The Caterpillar 328DLCR has been configured specially for underground tunnelling applications by German dealer Zeppelin
Caterpillar dealer Zeppelin developed the tunnel boom specifically for use on the reduced tail swing 328D. And Caterpillar dealers outside of Germany can now order this type of boom from Zeppelin to install onto the 328D upper structure. The excavator can also be equipped with a choice of tunnelling boom and stick or with face shovel work equipment.
Zeppelin is also offering a modified 321DLCR excavator with a specific tunnelling arrangement. In addition Avesco, the Swiss Cat dealer, has developed a tunnelling version of the 308 excavator with a swing boom for smaller tunnels.
The 328DLCR offers a compact working solution and features a rear overhang of 305mm, providing a tail swing radius of just 1.9m. This compact configuration suits the restricted tunnelling application, while the machine is stable as it has the wide tracks from the conventional 330DL excavator. It has a heavy-duty dozer blade as standard, giving extra stability, and for use in clearing and levelling.
The boom mounting has been moved further towards the centre of the machine for the tunnel model, giving an increased lift capacity over the front end. The boom itself features a robust box section construction, with high-strength steels additional supporting struts and reinforced bearings. All pins have hard-chromium plating for optimum protection against wear. Stick digging force is a powerful 134kN, with up to 212kN of bucket digging force available, for maximum penetration in blasted material. Twin 45º tilting mechanisms allow the boom to be swung to either side of the machine and the special attachment linkage provides extra roll back for tunnel roof access. A Caterpillar CW45S mechanical quick-coupler allows rapid changes between specialist tunnelling attachments, standard buckets and work tools.
The 328DLCR is designed for use in tunnels of 6-8m in height and its transport width with 600mm track shoes is 3.2m. With the tunnelling boom in place, the machine has an operating weight of 42.5tonnes.
Drilling and blasting is widely used in the tunnelling sector and the equipment can be costly to buy and even more so to run. The drilling and blasting cycle can be crucial to a project's deadlines and achieving productivity targets is vital as time over-runs bring huge additional costs. However when drilling and blasting productivity hits delays the cause can often be attributed to the use of unsuitable drilling components rather than problems with the drilling rig itself.
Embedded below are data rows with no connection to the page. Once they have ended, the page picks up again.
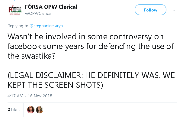 OPW branch of FÓRSA Trade Union lies about me in Nov 2018.
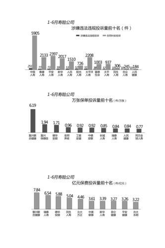 在寿险方面,合同纠纷投诉量居前十位的依次为中国人寿(5905件)、平安人寿(2397件)、太平洋人寿(2208件)、泰康人寿(2133件)、新华人寿(2017件)、人民人寿(1510件)、富德生命(1003件)、太平人寿(937件)、阳光人寿(726件)和华夏人寿(361件)。上半年原保险保费收入前十名的公司基本全部上榜,唯有安邦人寿列39位。
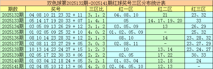 双色球第2025141期开出奖号为:02、04、05、10、12、13+06,其中红球三区比为4:2:0,蓝球开出偶数、小 号、0路号码。
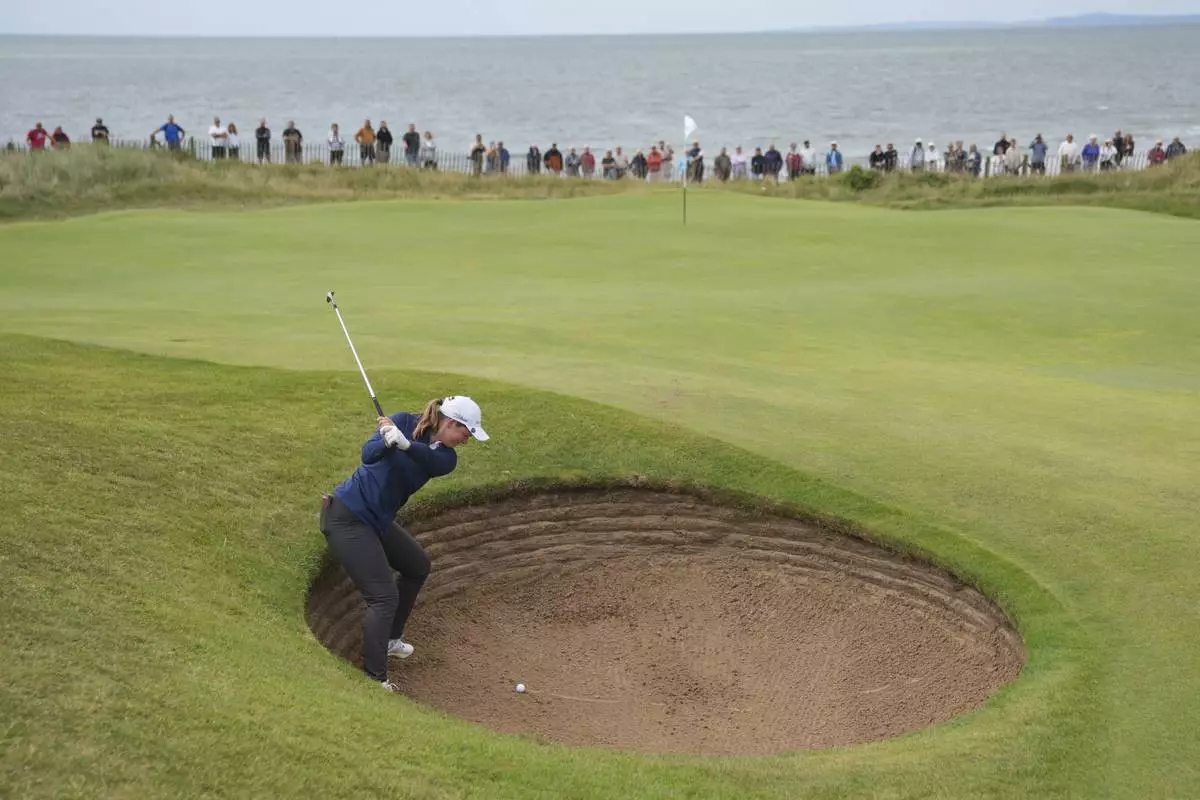 Lottie Woad of England plays out of a bunker on the 1st green during the third round of the Women's British Open golf championship, at Royal Porthcawl Golf Club in Porthcawl, Wales, Saturday, Aug. 2, 2025. (AP Photo/Kin Cheung)

When using modern hydraulic drill rigs the drilling string, which comprises the rods and the bit, carries out the task of transferring impact energy from the drifter to the rock face. These power pulses pass through the drillstring, causing it to resonate. Ensuring that the frequency of these impact energy bursts matches the resonant frequency of the assembled components plays an important role in breaking the rock at the face. The type of drill bit used is also important as the cemented carbide buttons have different profiles and material grades while the profile of the bit also varies to suit the rock type. Drillers have to ensure that the flushing of cuttings away from the hole works effectively otherwise regrinding of chippings occurs which boosts bit wear while cutting productivity. And drillers have to make sure that the carbide buttons are reground to maintain profile within tolerances and that worn bits are replaced as this factor also slows drilling productivity.
According to Sandvik, changing the drilling-tool system for one that could drill both 48mm diameter blastholes and long 54mm grout holes at a complex tunnel project in Norway, where the entire length had to be pre-grouted, gave multiple benefits. This boosted rig productivity by 20%, shortened the project time by about 100 days, improved safety, cut energy costs and reduced mucking, haulage and dumping costs. In a highway tunnelling job in South Korea, changing the drilling-tool system increased productivity in difficult rock conditions, as well as a 30% increase in rod life.